The Los Angeles Times reported Friday afternoon (ET) a series of revelations made public via documents filed by prosecutors handling the indictment of ex-Angels communications director Eric Kay, related to the 2019 death of pitcher Tyler Skaggs. Among the revelations: Testimony from “approximately” five MLB players who claim to have received oxycodone from Kay will be presented at trial; Skaggs is accused of shopping for oxycodone on online auction sites and on at least one occasion of receiving a shipment of drugs at the Angels’ stadium; and prosecutors say that on more than one occasion Kay offered tickets and memorabilia in exchange for illicit drugs. The Times report, with the headline “Ex-Angels employee charged in Tyler Skaggs’s death supplied players with drugs, feds say,” fits neatly into a common and useful category of journalism: a reporter poring through public documents, parsing out the newsworthy bits, and translating them into plain English for readers who would otherwise run aground on a given court filing’s dense and dry legalese.

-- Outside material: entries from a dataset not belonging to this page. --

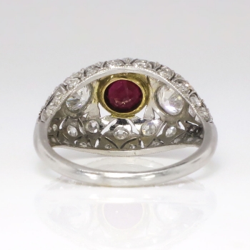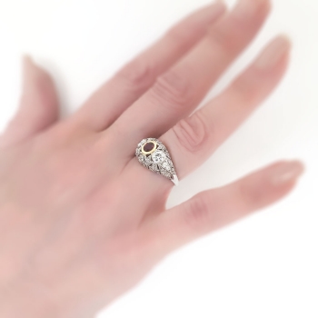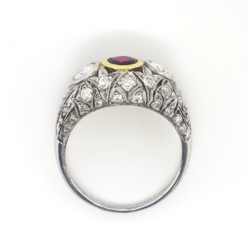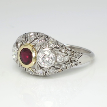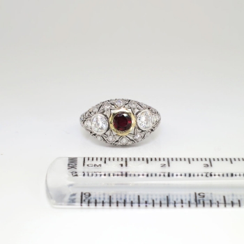 Art Deco 1930's 1.62ct t.w. Ruby & Diamond Filigree Platinum 18k Ring
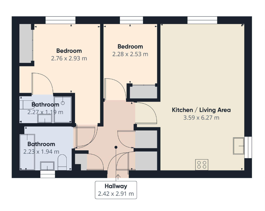 Entrance door with allocated post box. Door leading into a spacious hallway with shelved airing cupboard and two further storage cupboards, ideal for coats, shoes and household items.
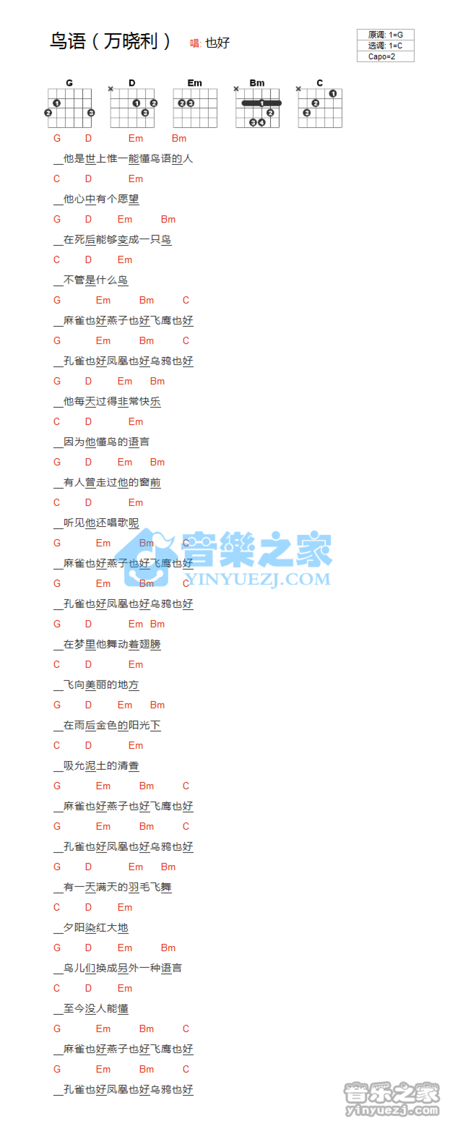 曲谱介绍: C调版万晓利《鸟语》吉他和弦弹唱谱
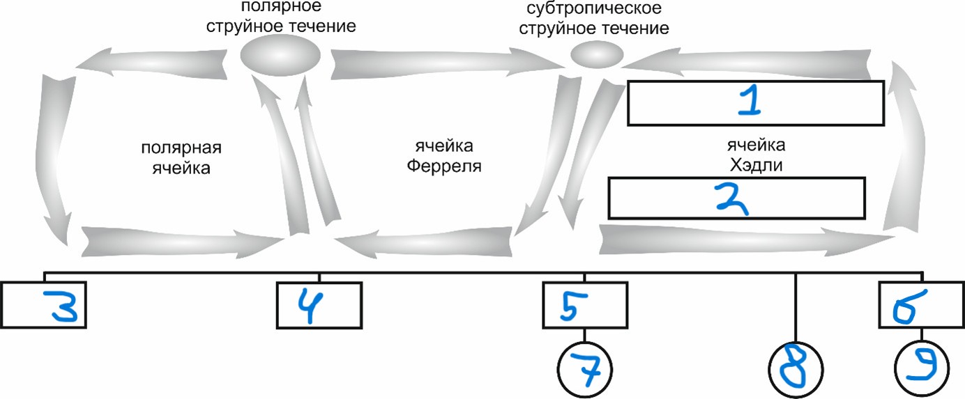 Подпишите названия ветров в верхней и нижней частях ячейки Хэдли.
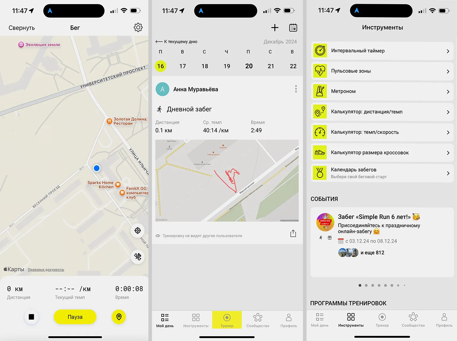 Приложение Simpla предоставляет возможность отслеживать пробежки, включая дистанцию, продолжительность, маршрут на карте и темп. Пользователи найдут полезные инструменты как для начинающих, так и для опытных бегунов, такие как метроном, калькулятор для перевода темпа в скорость и обратно, а также калькулятор размеров кроссовок для различных стран. Кроме того, Simpla предлагает готовые программы тренировок, а также возможность создать индивидуальный план. Пользователи могут настроить напоминания о запланированных пробежках, что помогает поддерживать регулярность тренировок и достигать поставленных целей.
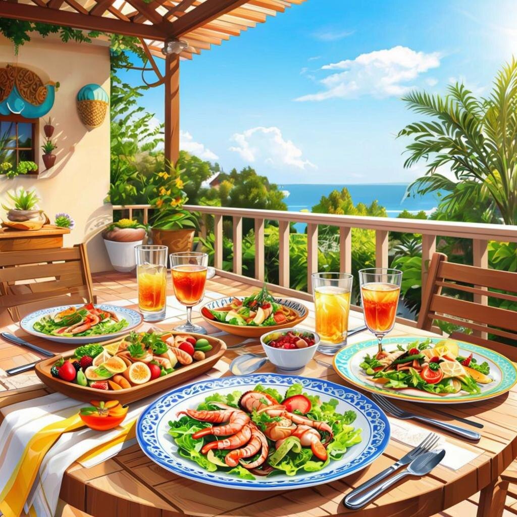 Летний ужин при температуре +35 градусов Жаркий летний вечер — идеальное время попробовать легкие блюда, которые освежают и заряжают энергией. Когда температура поднимается до отметки +35°C, важно выбрать продукты, богатые влагой и полезными веществами, но не перегружающие организм тяжелой пищей. Сегодня мы предлагаем вам подборку блюд, идеально подходящих для жаркого вечера. Холодник: холодный суп-помощник Классический русский холодник — один из лучших вариантов прохладительного ужина. Этот легкий овощной суп готовят из свежих огурцов, редиса, зелени и вареного яйца, заправляя кефиром или сметаной. Такой рецепт помогает организму поддерживать водно-солевой баланс и быстро утоляет жажду. Попробуйте добавить немного мяты или укропа, чтобы придать блюду свежесть и аромат. Ингредиенты: - Огурец свежий — 2 шт.; - Редис красный — 8–10 шт.; - Яйцо куриное отваренное вкрутую — 2 шт.; - Зелень петрушки и укроп — по вкусу; - Кефир нежирный — 500 мл; - Вода минеральная газированная — 2 ст.л.;
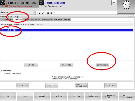 在弹出的对话窗口中进行网络配置 选择“Interface”-->选择“X26”--->选择“配置(Configuration)”
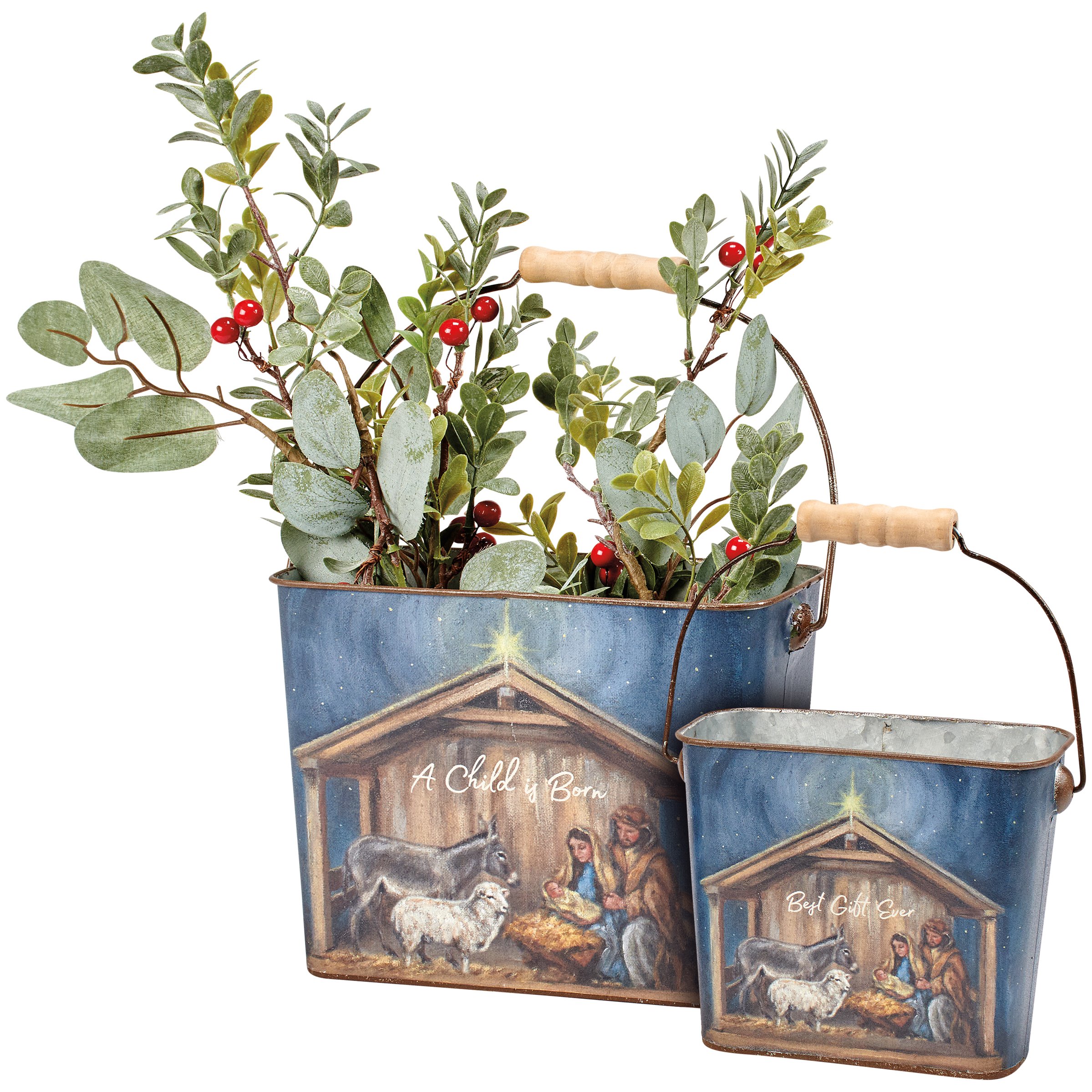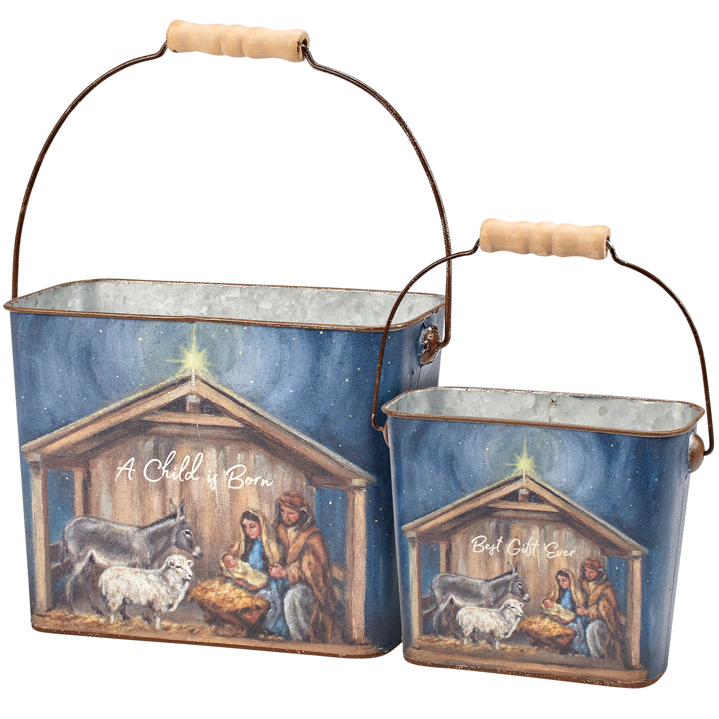A set of 2 metal buckets from our Christmas Collection displaying coordinating double-sided designs. Each seasonal bucket features a hand painted nativity scene with "A Child Is Born" sentiment on the larger bucket and "Best Gift Ever" sentiment on the smaller bucket. Nativity designs are replicated from original artwork painted onto burlap canvas, giving the art a unique depth and texture. Seasonal bucket set is perfect for holding small household objects or holiday greenery. Greenery pictured not included. Our A Child Is Born bucket set includes metal handles with a wooden handle at the top for easy carrying and stack inside each other for compact storage. A set of seasonal home accents with a variety of display options.
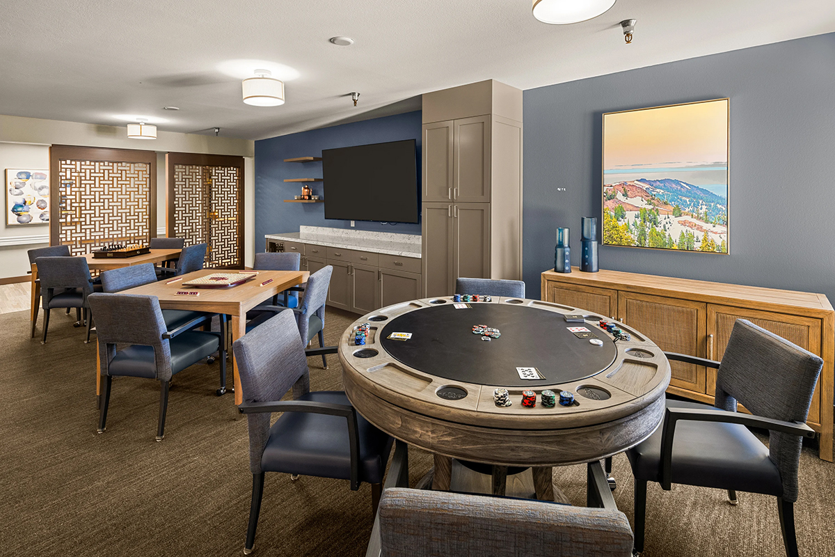 Library spaces, lounges, a game room, and a large-screen TV lounge provide additional places to unwind or pursue hobbies. Whether you’re reading a book, playing cards with friends, or watching a favorite movie, these shared spaces enhance daily life at Hilltop Estates.
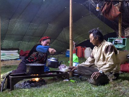 悄然而至的晨曦,隱藏著太古未盡消遁的光芒。揚(yáng)天的旌旗纏成不倒的箭桿,曾經(jīng)的故事還沒走出夢(mèng)中。草原的安謐,輕輕地?fù)嵛恐届o的牛群。奶香已浸漫晨的清新中,擠奶的姑娘臉頰已鍍上了紅霞的光暈。天地間的沉靜,只等待著第一聲牛哞的響起……草原的清晨,朝陽光臨的一刻,酥油和奶汁的淳香會(huì)醉倒那一片草色碧透的天地。
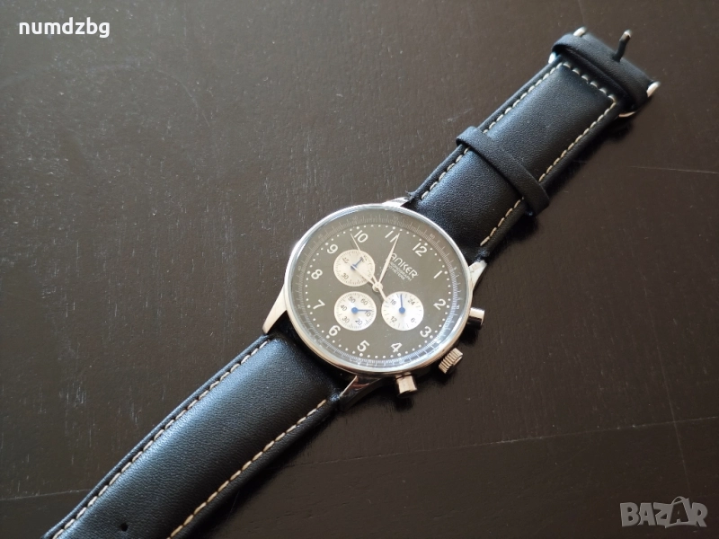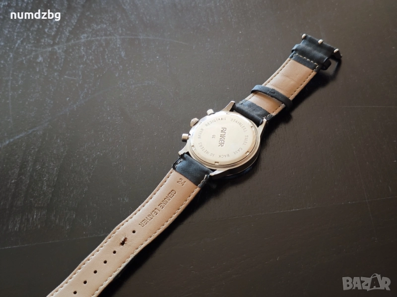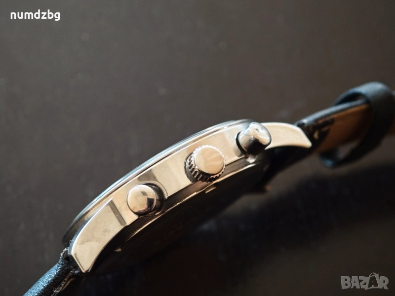 часовника е Анкер хронограф немско изпълнение леки забележ какво каишката,часовника е като чисто нов . Без забележки по механизъм и работа механизма и японски миота висок клас часовник . Цена която е закупуван като нов е 390 лв. абсолютно всички стрелки всичко по часовника се движи и работи . цената която му искам за такъв часовник е символична.
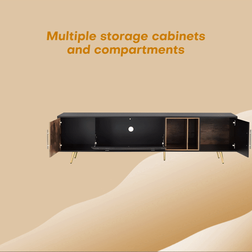 • Durable Construction: Crafted from high-quality MDF board, this TV stand is built to last, promising years of reliable use. The sleek metal handles and legs feature a stunning gold finish, adding a touch of luxury to your space.
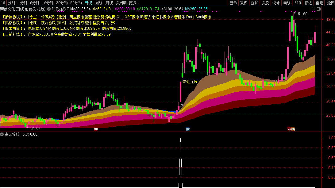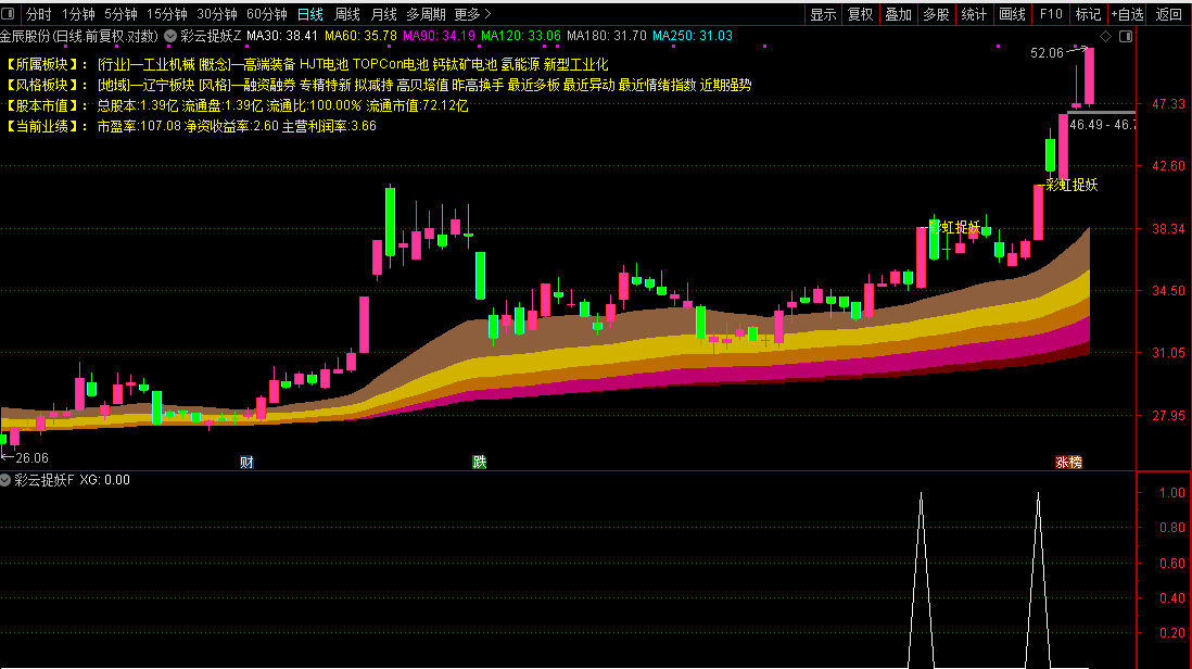 在主图部分,该指标通过八条不同周期的均线构建出多层带状区域,以颜色渐变直观呈现股价的多空强弱分布与趋势结构。同时,它整合了所属行业、概念、地域等板块信息,并实时展示股本、流通市值、市盈率及收益率等基本面数据,帮助投资者在技术分析中同步掌握个股背景与财务概况。
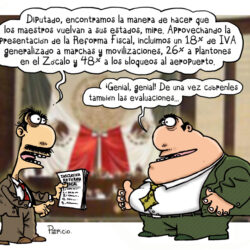 El articulista y académico Manuel Pérez Rocha remarcó que “las sesiones de las cámaras de Diputados y Senadores fueron una farsa, el interés del gobierno por escuchar a los maestros fue otra farsa, y la llamada reforma educativa es otra” haciendo referencia a su artículo “¿Y la reforma educativa cuándo?” Además hizo un diagrama que explica de manera puntual cómo los medios y el gobierno, comandados por Mexicanos Primero, siguiendo las tendencias de la derecha estadunidense, han logrado hacer ver a los profesores de nuestro país como los culpables de todas nuestras carencias:
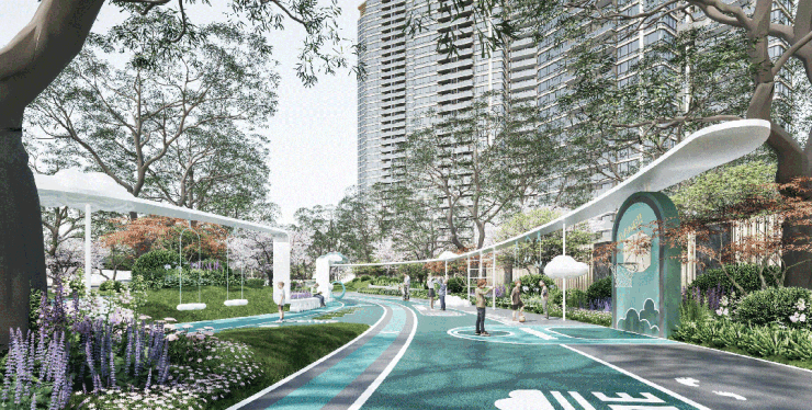 社区内部配备了一座家门口的公园以及七大运动主题大花园,总面积达到约7.2万㎡,这在海珠区内是非常罕见的。除了常见的乒乓球桌、单双杠之外,还有从大球到小球运动全覆盖的设施,为居民提供了一个全方位的休闲健身场所。同时,小区内自带1800㎡风情商业街,进一步丰富了居民的生活方式。
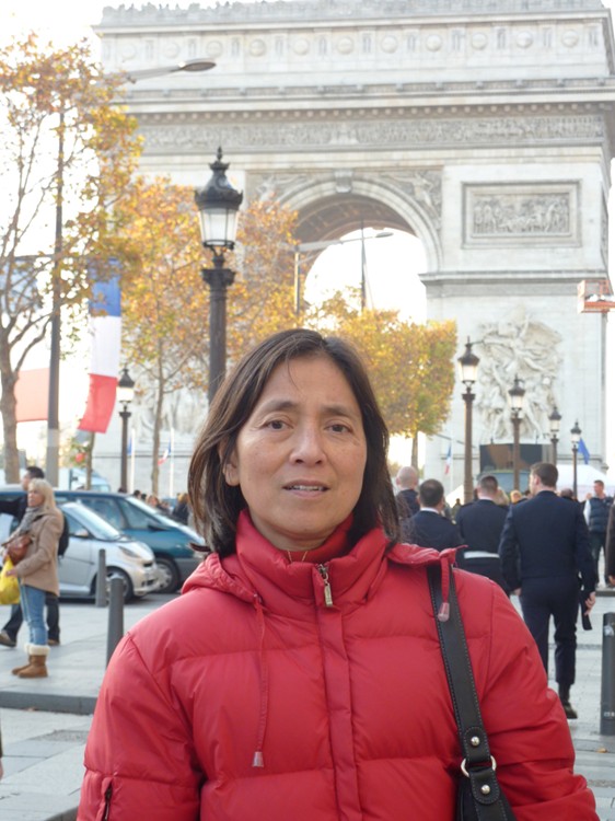 莫秀蘭在巴黎香榭麗舍大道留下倩影,背後是凱旋門。
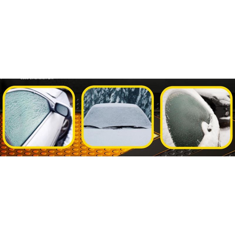 Specjalna formuła tworzy warstwę ochronną, która zapobiega ponownemu osadzaniu się lodu na powierzchni szyby.
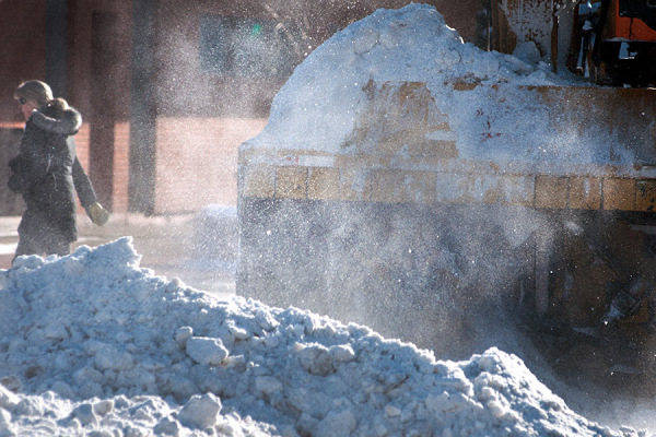 snow By Greg Lindstrom December 30, 2014 Crews remove snow from the streets in downtown Kalispell on Dec. 30, 2014. Greg Lindstrom | Flathead Beacon
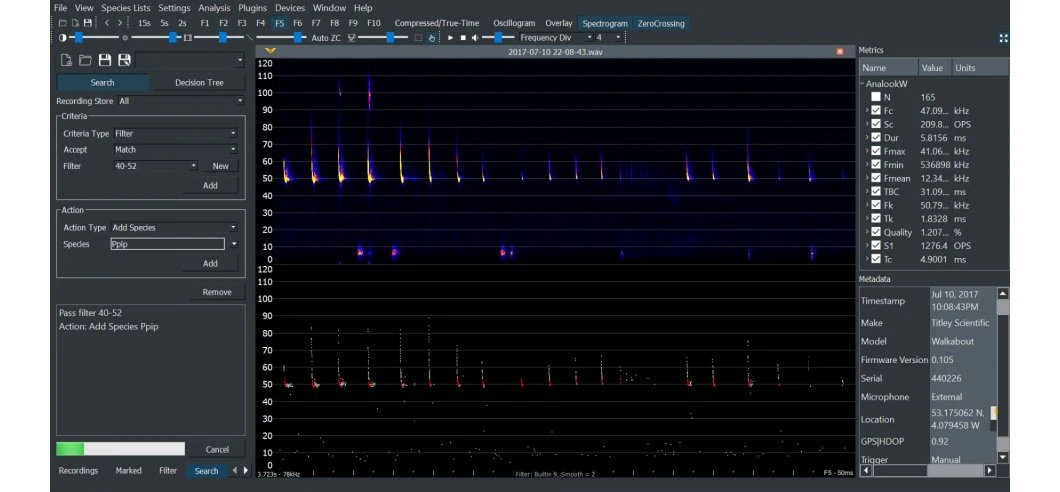 * Meta Data: Supports GUANO metadata, can apply custom metadata to files and utilize it in reports
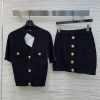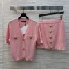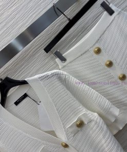 CT77523 Balman 25 Spring/Summer Slim fit V-neck Knitted Set V-neck Short Sleeve Cardigan+Arm hugging Half Skirt, a set without any matching troubles, featuring a retro relief logo gold buckle that highlights the texture of the three color SML top and half skirt. Update Time: April 12, 2025 by TaoChL

Then, Monday morning, a small and new website called League of Justice published a similar summary of the same court filings, evidently the result of the same document-parsing process, with the headline “Fentanyl that Killed Tyler Skaggs Delivered to Angel Stadium on Day He Died, Gov’t Claims. Are Angels Responsible for Pitcher’s Death?” Its author, Amy Dash, chose to foreground the receiving of drugs at the stadium and the possible legal or civil liability of the Angels organization, and the content is broken up by helpful little subheadings. The information in this blog is largely identical to the Times blog; given that it was published 72 hours later, there’s no immediately obvious reason it couldn’t be an aggregation. It’s therefore possible to see Dash’s use of the word “Breaking” in this tweet about her blog as at least a little bit sweaty and overstated:
This journalistic faux pas—the use of words like “breaking” or “sources” to juice up marginally different presentations of information that has already been made public, however legitimate and hard-won the vector to this or that reporter or publication—is both drearily common and also not generally the sort of thing that you or I will give too much of a shit about. In this case—perhaps because the Times story dropped on a Friday afternoon and Dash’s was published Monday morning—Dash’s story gained a lot more traction on Twitter, benefited from a couple thousand retweets, and drew the attention of those responsible for the Times story. One of those people, executive sports editor Chris Stone, decided to register a public objection:
Before we get to the meat of this blog, which is the hellacious flame war that exploded from Stone’s Twitter scolding, we should talk for a moment about the two stories. Defector spoke over the telephone with Amy Dash Tuesday afternoon. It was a long and intense conversation, mostly because Dash, currently traveling on vacation with her family, is super pissed-off about having been publicly accused of acting unethically by the executive sports editor of the Los Angeles Times. Dash insisted to Defector that the League of Justice story published Monday morning was the result of her own legwork, including a thorough examination of last week’s court filing, an examination of an affidavit filed by federal authorities, a fresh look at the original complaint, access to documents from civil suits filed by Rusty Hardin (representing the Skaggs family), and several telephone calls to “people in the government.” Why all that effort should’ve yielded a story with substantially the same information is unclear, but also possibly beside the point: Dash is adamant that at no point did she reference Nathan Fenno’s Times story in reporting her own, and because the court documents are all public, there’s no particularly compelling reason to suspect otherwise. League of Justice even blipped Fenno’s story on their website, with attribution, on Saturday, although Dash says that was handled by an intern and she herself had not read more than the headline of Fenno’s summary until after publishing her own Monday morning.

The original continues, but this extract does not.